I've tried several combinations and quirks, updating to the latest rc kernels since 3.16 (am on 4.5.0 right now) and it only seems to get worse.

Last year, on the 3.x series of kernels occasionally after a reboot the 'bios' would go through quickly and fine and also no problems loading the module and logging in. But now it always fails.

Additionally it (may or may not) seems to cause the internal usb card reader to not even show up almost all of the time, though under OSX it works fine. There is/was a known issue with this cardreader where it would disappear after a suspend.
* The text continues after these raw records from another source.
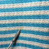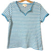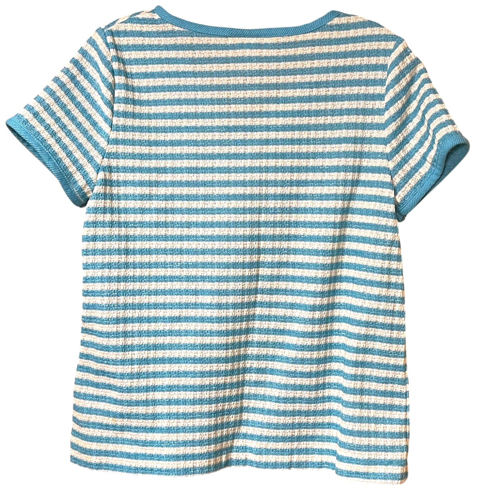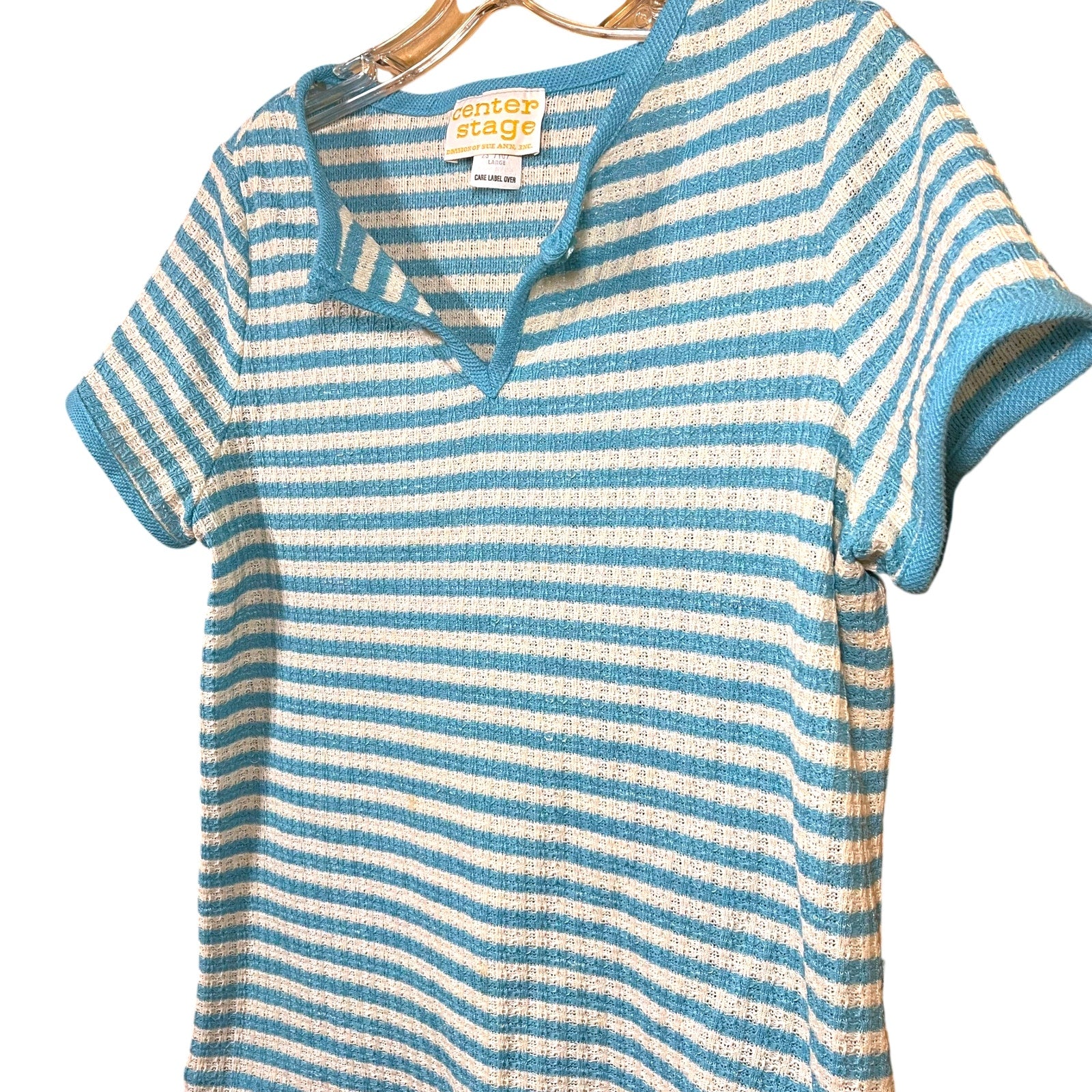 Vintage Center Stage short sleeve knit top featuring classic blue and white horizontal stripes with a textured, airy knit. Made from 100% polyester, this top is lightweight, breathable, and perfect for warm-weather layering.
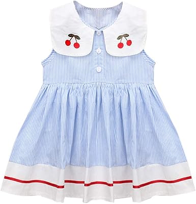 Urmagic Robe Bebe Fille Robe De Princesse Sans Manches A Rayures Avec Broderie Cerise Pour 0 24 Mois Amazon Fr Vetements Et Accessoires
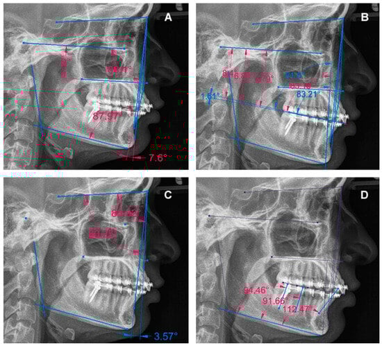 Digital lateral cephalogram analysis example. (A) Skeletal diagnosis by Kim. (B) Occlusal plane by Tanaka and Sato. (C) Position of maxilla and mandible by Riedel. (D) Dentoalveolar changes analysis by the authors.
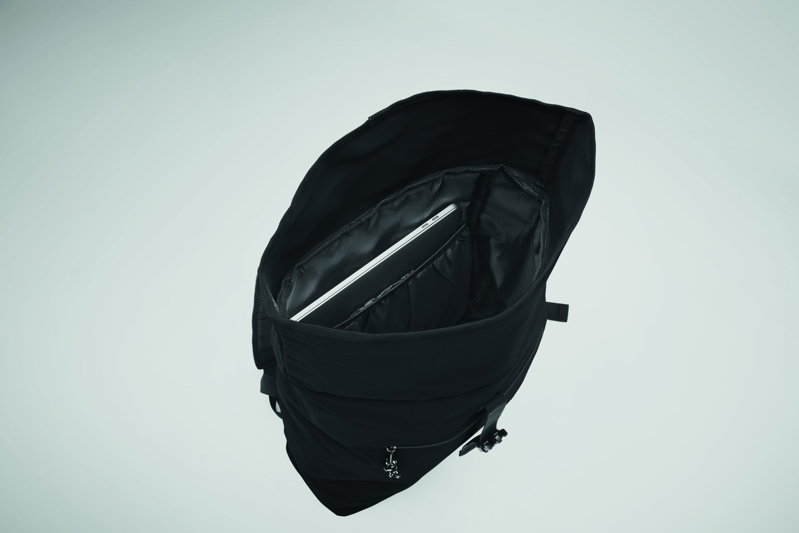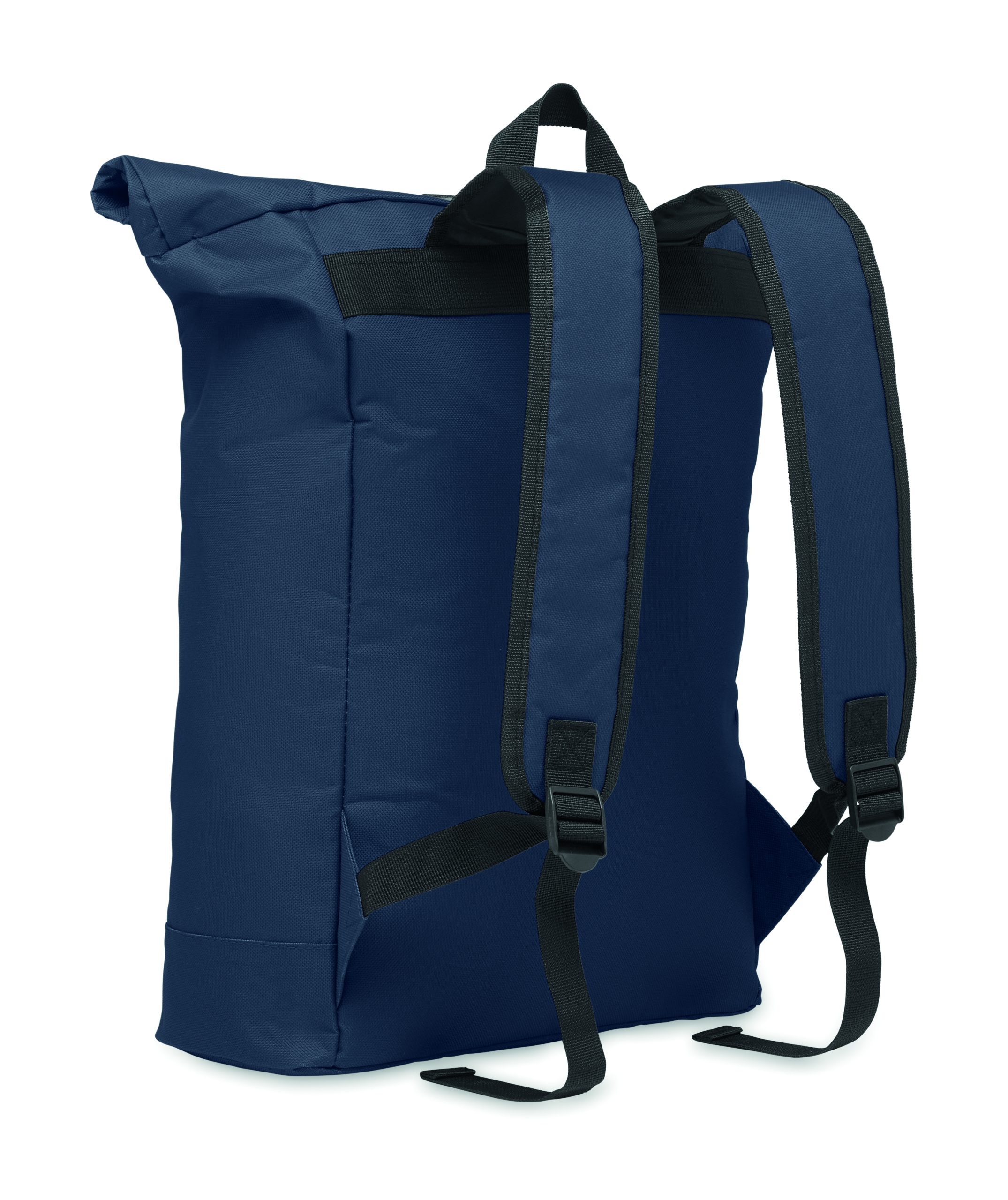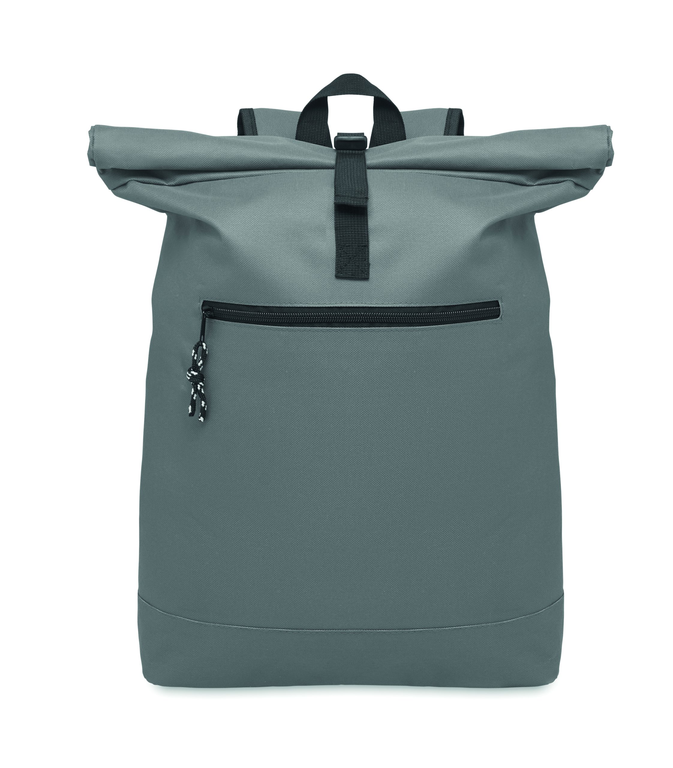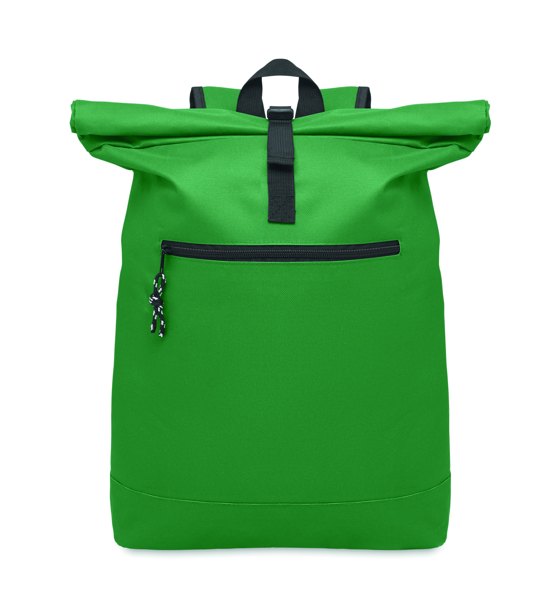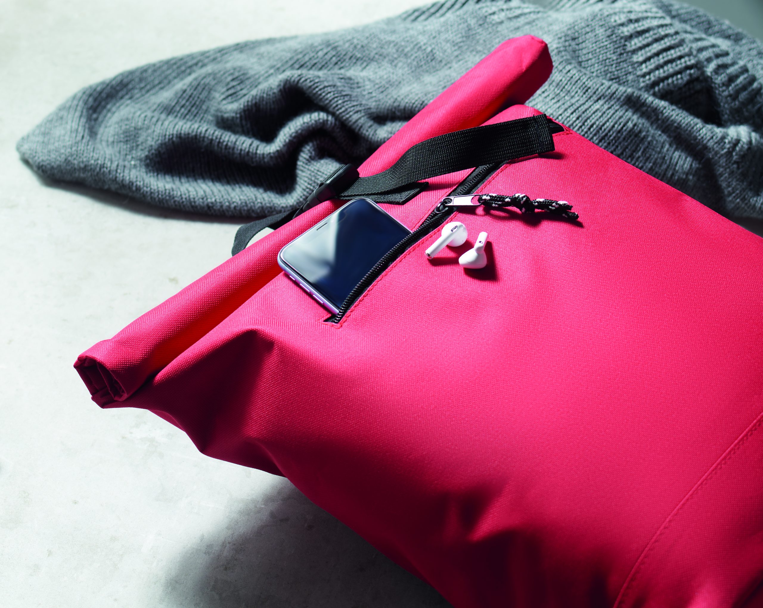 15-calowy zwijany plecak na laptopa typu rolltop z poliestru 600D z wyściełanym tyłem i wzmocnionym spodem. Przednia kieszeń zapinana na zamek. Podszewka 210D.
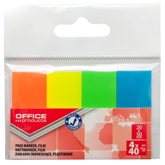 Zakładki indeksujące 20 x 50mm tworzywo OFFICE PRODUCTS wielokolorowy neonowy 160 zakładek (4 x 40) 14223524-99
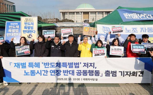 전국민주노동조합총연맹 전국금속노동조합, 한국노동조합총연맹 전국금속노동조합연맹, 노동당, 녹색당, 정의당, ‘반도체 노동자의 건강과 인권지킴이’(반올림)와 김용균재단 등 72개 단체는 10일 국회 앞에서 ‘재벌 특혜 반도체특별법 저지·노동시간 연장 반대 공동행동’(이하 공동행동) 출범식을 진행했다.
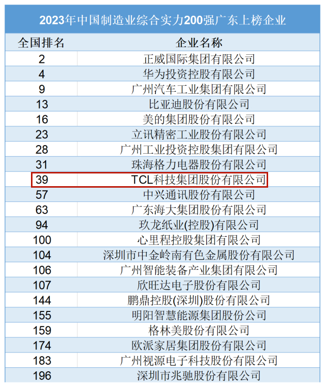 “200強(qiáng)榜單”中,惠州上榜的企業(yè)是TCL科技集團(tuán)股份有限公司,排名第39位。
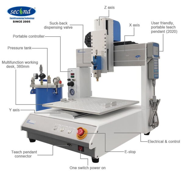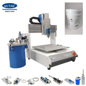 This is an industrial 1.5 gallons fluid, adhesive dispensing machine. The machine pairs with a 1.5 gallons material feeding tank, and a suck-back valve. It is suitable for low to medium viscosity fluids or adhesives dispensing. This is professional, heavy-duty industrial adhesive fluid, glue automated desktop dispensing machine.
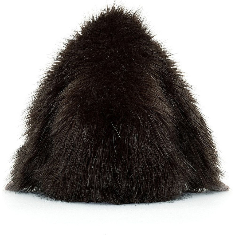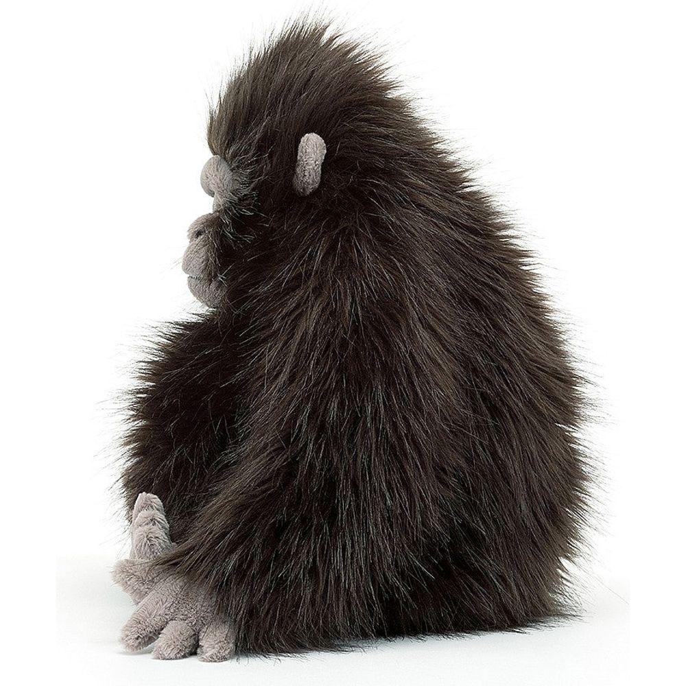 Brauchen Sie schwergewichtige Umarmungen? Gomez Gorilla hat dich. Dieser große Affe hat lange Kuschelarme, bedeckt mit tintenfarbenem, seidigem Fell, mit Händen und Füßen aus grauem Veloursleder, einem paspelierten Mund und einer markant gefurchten Stirn. Mit Gomez kannst du dich jederzeit einkuscheln.
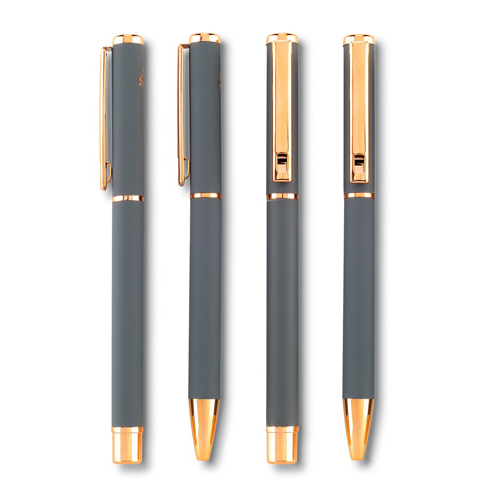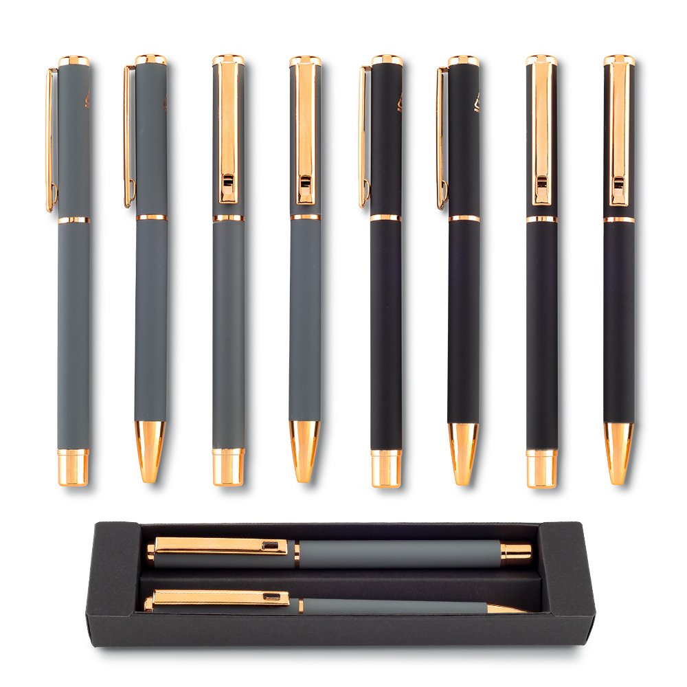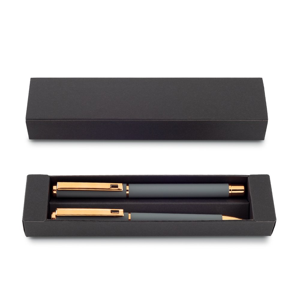 Set de bolígrafos metálicos tipo roller y mecanismo twist. Empaque caja individual.Medidas: Caja 17 cm x 4 cm x 2 cm. Bolígrafos: 13.5 cm.
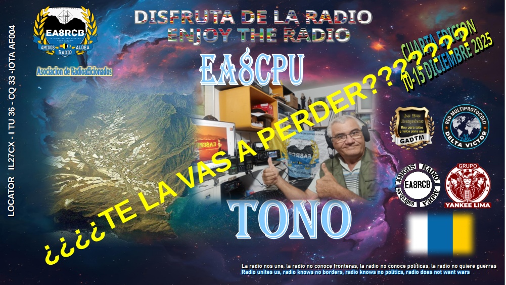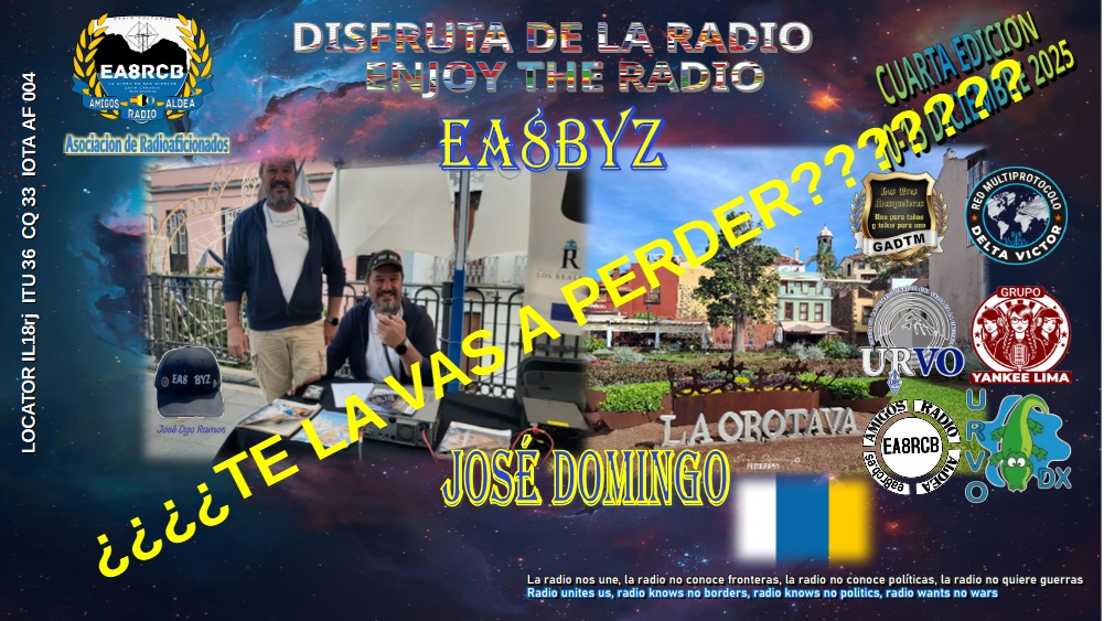 Desde Amigos Radio Aldea (EA8RCB) queremos expresar nuestro más sincero agradecimiento a todos los radioaficionados que han participado en la cuarta edición de “Disfruta de la Radio”.
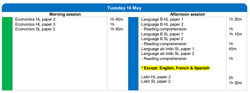 Please note that for Studies in language and literature and Language acquisition, English, French and Spanish are scheduled individually from all other languages.
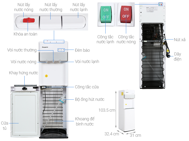 Được trang bị 3 vòi riêng biệt, với 3 chế độ nước Nóng – Lạnh – Thường, giúp cây nước nóng lạnh Kangaroo KG56A3 rất dễ dàng sử dụng, thỏa mãn mọi nhu cầu dùng nước của bạn, dù nước ấm buổi sáng, nước lạnh để giải khát hay nước nóng để pha chế đồ uống.
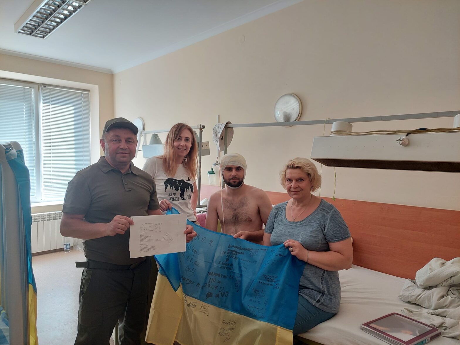 Члени нашої команди відвідали в одному з військових медичних госпіталів західної України , сапера – Євгена Л. Він на війні з 2015 року.Поранення отримав в Мар’їнці. Російська граната черканула каску і взірвалась за спиною. Англійська каска розлетілась , але врятувала життя бійцю. В голову українського бійця була вставлена пластина.Команда ГО,,Галицькі Сурми” вдячна всім , хто долучиіся до оплати пластини:Надія Краснюк – 50%.Віктор Коцай – 25%.Елла Коцай – 20%.Пані Ольга(США) – 5%.Eugene is a soldier in the Ukrainian army. Sapper, gunner. He has been at war with russia since 2015. A grenade exploded near his head. A plate was inserted into his head. He will go to war again.

Adding various seemingly related intel usb3 quirks I had no change, as I think all of them are already applied to this chipset.

I'm guessing that somehow the usb chipset has some configuration option miss-set (which persists over reboots/power down) and the driver doesn't quite understand it.

Unfortunately it seems that this chipset does not work in pure USB2.0 (ehci) mode and needs the xhci module to work at all, so even falling to USB2 is no option. Also disconnecting all USB perhipials is nearly impossible as the touchpad, bluetooth cardreader and keyboard are internally all wired to USB.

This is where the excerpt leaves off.